* [The data]

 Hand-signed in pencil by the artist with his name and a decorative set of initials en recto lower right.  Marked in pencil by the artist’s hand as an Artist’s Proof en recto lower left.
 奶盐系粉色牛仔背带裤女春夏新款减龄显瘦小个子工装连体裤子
---
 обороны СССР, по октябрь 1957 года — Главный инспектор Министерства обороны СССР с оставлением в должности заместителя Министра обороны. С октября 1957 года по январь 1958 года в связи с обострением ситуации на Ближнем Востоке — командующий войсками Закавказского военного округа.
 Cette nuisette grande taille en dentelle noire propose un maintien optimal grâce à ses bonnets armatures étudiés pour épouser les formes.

* [Work instructions]
The response should hold exactly the lines starting at the line with "обороны СССР, по" and ending at the line with "Cette nuisette grande", and no other line of the material above.

* [Exercise response]
 обороны СССР, по октябрь 1957 года — Главный инспектор Министерства обороны СССР с оставлением в должности заместителя Министра обороны. С октября 1957 года по январь 1958 года в связи с обострением ситуации на Ближнем Востоке — командующий войсками Закавказского военного округа.
 Cette nuisette grande taille en dentelle noire propose un maintien optimal grâce à ses bonnets armatures étudiés pour épouser les formes.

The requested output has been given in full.